Abstract
High-resolution flow field reconstruction is prevalently recognized as a difficult task in the field of experimental fluid mechanics, since the measured data are usually sparse and incomplete in time and space. Specifically, due to the limitations of experimental equipment or measurement techniques, the expected data cannot be measured in some key areas. In this paper, a practical approach is proposed to reconstruct flow field with imperfect data based on the physics informed neural network (PINN), which integrates those known data with the physical principles. The wake flow past a circular cylinder is taken as the test case. Two kinds of the training set are investigated, one is the velocity data with different sparsity, and the other is the velocity data missing in different regions. To accelerate training convergence, the learning rate schedule is discussed, and the cosine annealing algorithm shows excellent performance.
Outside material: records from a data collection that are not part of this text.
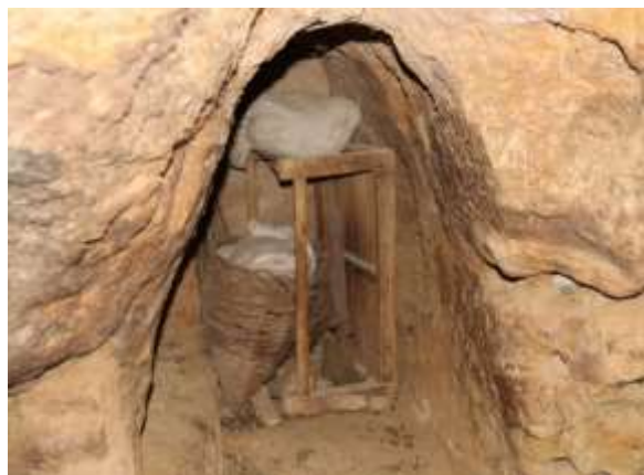
تصویر شماره ۱۶. دخمه (بهار ۹۷)
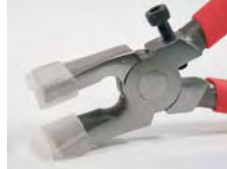
32 115 00 PROVETRO PRP-1 (für / for 2 - 6 mm Glas / glass) Laufzange 205 mm L., 24 mm Backenbreite, Metall, mit Stellschraube, Griff und Backen ummantelt Running pliers, 205 mm, 24 mm jaw width, metal, leveling screw, coated grip and jaw
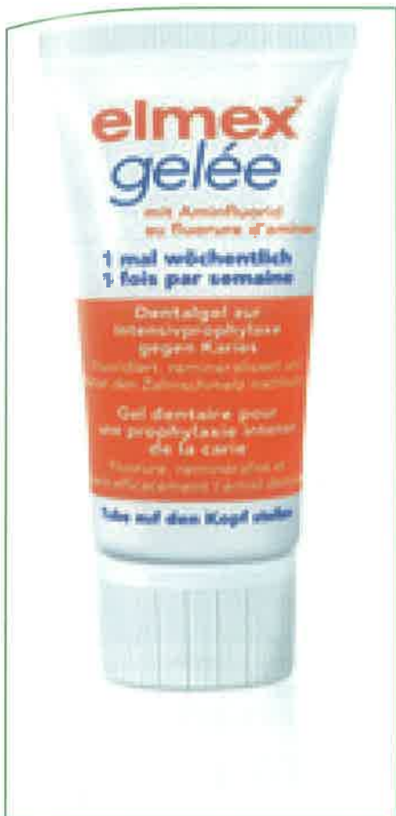
Slika 6. Gel za fluoridaciju

Results reveal that the proposed approach not only can reconstruct the true velocity field with high accuracy, but also can predict the pressure field precisely, even when the data sparsity reaches 1% or the core flow area data are truncated away. This study provides encouraging insights that the PINN can serve as a promising data assimilation method for experimental fluid mechanics.
摘要
高分辨率流场重构被普遍认为是实验流体力学领域的一项艰巨任务, 因为测量数据在时间和空间上通常是稀疏或不完整的. 具体而言, 由于实验设备或测量技术的限制, 某些关键区域的数据无法测量. 本文提出了一种基于融合物理神经网络(PINN)的不完美数据重建流场的实用方法, 该网络将已知数据与物理原理相结合. 通过圆柱体的尾流作为测试算例. 研究了两种不完美数据训练集, 一种是不同稀疏度的速度数据, 另一种是不同区域缺失的速度数据. 为了加速训练收敛, 本文采用了余弦退火算法以提高PINN的计算效率.计算结果表明, 该方法不仅可以高精度地重建真实的速度场, 而且即使在数据稀疏度达到1%或核心流动区域数据被截断的情况下, 也可以精确地预测压力场. 这项研究提供了令人鼓舞的结论, 即PINN可以作为实验流体力学的有潜力的数据同化方法.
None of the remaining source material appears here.